Resentimiento

Resentimiento en el matrimonio: cómo se acumula y qué lo disuelve de verdad

El resentimiento en el matrimonio se acumula por cosas pequeñas no correspondidas, no por traiciones. Por qué la disculpa no lo borra y qué lo disuelve de verdad.

Sage
Sage de Lovefix
Revisado por Sage · 12 min de lectura · julio de 2026

Cómo se acumula, por qué la disculpa no lo borra, y qué lo disuelve de verdad


Anoche volviste a vaciar el lavavajillas. Pediste la cita del dentista para los dos. Viste que la basura estaba llena y bajaste a tirarla. Compraste el regalo para su madre y firmaste con los dos nombres.

Nada de eso da para una discusión. Nada de eso lo vas a sacar nunca.

Y aun así, algo dentro de ti lleva la cuenta.

Nadie la ha escrito. Nadie la ha mencionado. Pero sabes bastante bien por dónde va.

No estás enfadado/a. El enfado sería más fácil. El enfado tiene un episodio detrás y una forma de terminarse. Lo tuyo es más silencioso y más antiguo, y tiñe hasta el momento en que te preguntan qué hay para cenar.

Si has empezado a llevar un recuento callado de todo lo que haces y nadie ve, estás viviendo con resentimiento.

Qué es realmente el resentimiento en el matrimonio

El resentimiento es enfado que nunca se entregó, guardado con intereses, y pegado a una persona en lugar de a un episodio.

El enfado llega, hace su destrozo y se va. El resentimiento se instala.

El enfado va de algo que pasó el martes. El resentimiento va de en quién se ha convertido tu pareja.

La diferencia está en la petición. El enfado todavía cree que merece la pena pedir. El resentimiento ya ha hecho las cuentas y ha decidido que no.

El resentimiento es lo que queda de una petición que decidiste no hacer.

El ingreso se produce ahí. No en la sartén sin fregar, no en la cita olvidada. En ese medio segundo en que pensaste en decir algo, calculaste lo que costaba la conversación y te lo tragaste.

Cómo se acumula el resentimiento en el matrimonio

El resentimiento se acumula por gestos pequeños no correspondidos, no por traiciones, y por eso casi ninguna pareja sabe decir cuándo empezó.

Una traición produce una crisis, y las crisis se atienden. Hay una noche, una conversación, un antes y un después.

El resentimiento no produce nada. Ni escena, ni fecha, ni aniversario.
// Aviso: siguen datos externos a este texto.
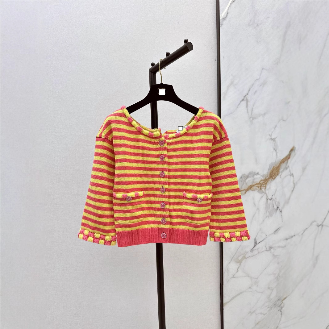 深圳南油2025春夏彩条针织少女风一字肩撞色条纹短款开衫

Cada cosa queda justo por debajo del umbral que justificaría sacarla. Y cada vez te quedas callado/a por una buena razón. Cada queja es demasiado pequeña para mencionarla. La suma es demasiado grande para ignorarla.
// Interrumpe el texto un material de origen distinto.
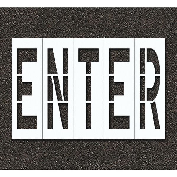 Individual Stencil, Character Type Message, Duty Heavy, FAA AC 150/5340-1K Compliant No, Font Highway Gothic, Included Characters, Messages, and Symbols Enter, Individual Character Height Not Applicable, Individual Character Width Not Applicable, Interlocking No, Interlocking Orientation Not Applicable, Material Polyethylene, Message or Symbol Height 48 in, Message or Symbol Width 84 in, Number of Pieces 1, Overall Stencil Height 60 in, Overall Stencil Thickness 0.125 in
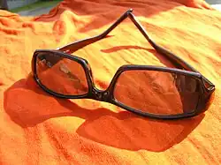 Em 1913, as lentes Crookes[7] foram introduzidas,[8] feitas de vidro contendo cério, que bloqueiam a luz ultravioleta.[9][10] No início dos anos 20, o uso de óculos de sol começou a se espalhar, principalmente entre as estrelas de cinema. Óculos de sol baratos produzidos em massa e feitos a partir de celuloide foram produzidos pela primeira vez por Sam Foster em 1929. Foster encontrou um mercado pronto nas praias de Atlantic City, Nova Jersey, onde começou a vender óculos de sol com o nome de Foster Grant a partir de um Woolworth no calçadão.[11] Em 1938, a revista Life escreveu sobre como os óculos de sol eram uma "nova moda para usar nas ruas da cidade ... uma afetação favorita de milhares de mulheres em todo os EUA". Ela afirmava que 20 milhões de óculos de sol foram vendidos nos Estados Unidos em 1937, mas estimou que apenas cerca de 25% dos usuários americanos precisavam deles para proteger seus olhos.[12] Os óculos de sol polarizados foram disponibilizados pela primeira vez em 1936, quando Edwin H. Land começou a fazer lentes com seu filtro Polaroid patenteado. Em 1947, a Armorlite Company começou a produzir lentes com resina CR-39.[13]

Gottman llama intentos de conexión a esas peticiones mínimas de atención. Un comentario sobre el pájaro de la ventana. Una mano en el hombro. Un suspiro que espera que alguien pregunte. Lo que cuenta no es si el gesto es grande, sino si se giran hacia él o hacia otro lado.

Cuando ese girarse hacia otro lado se repite lo suficiente, no pasa nada dramático, que es exactamente lo que lo hace peligroso.
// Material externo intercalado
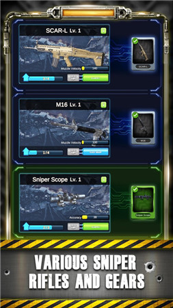 3. 多样的武器装备:玩家可以在游戏中选择多种不同类型的狙击枪和其他武器装备,每种武器都有独特的性能和特点,让玩家能够根据自己的喜好和任务需求进行选择。
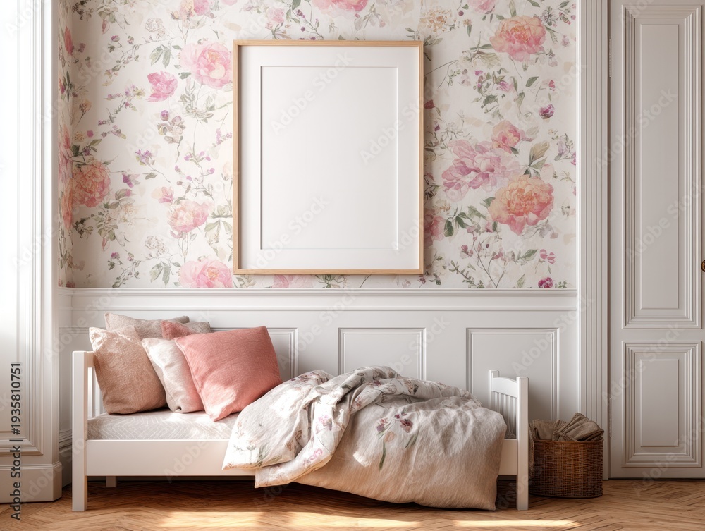 Pink Floral Wallpaper Adorns The Wall White Frame Wallpaper Mural - Decorly Solutions | Decorly Solutions

La contabilidad que lleva el resentimiento

El resentimiento viene con un sistema contable incorporado, y eso lo separa de cualquier otra emoción difícil de un matrimonio.

La tristeza no lleva registros. El miedo no lleva registros. El resentimiento los lleva impecables.

Escucha cómo suena por dentro.

“Aquí lo hago todo yo.”

“Soy la única persona que piensa en estas cosas.”

“¿Cuándo fue la última vez que organizaste tú algo?”

Nada de eso es una emoción. Son auditorías.

El instinto no es un defecto de carácter. No estás siendo mezquino/a. El esfuerzo se ve de forma asimétrica: el tuyo lo viviste, el suyo solo lo observaste. Tu cuenta es sincera. La suya también.

Dos contabilidades honestas, llevadas en la misma casa, no van a cuadrar nunca.

La contabilidad es además el mecanismo del daño. Una cuenta convierte a tu pareja en contraparte. Convierte la generosidad en ingresos, y un regalo apuntado deja de ser un regalo. Y lo peor: una cuenta solo se puede saldar, nunca disolver, y no cuadra jamás, porque los dos usáis un auditor distinto.

El resentimiento y el enfado no son lo mismo

El enfado responde a un episodio y el resentimiento dicta una sentencia sobre una persona, y por eso se comportan de forma tan distinta.

El enfado es caliente, ruidoso, rápido y finito. Quiere respuesta.

El resentimiento es frío, callado y paciente. Hace tiempo que dejó de esperar respuesta.

La distinción tiene una consecuencia práctica. El enfado se repara con una disculpa, porque la disculpa tiene el tamaño de un episodio. El resentimiento no, porque no hay un episodio del que disculparse.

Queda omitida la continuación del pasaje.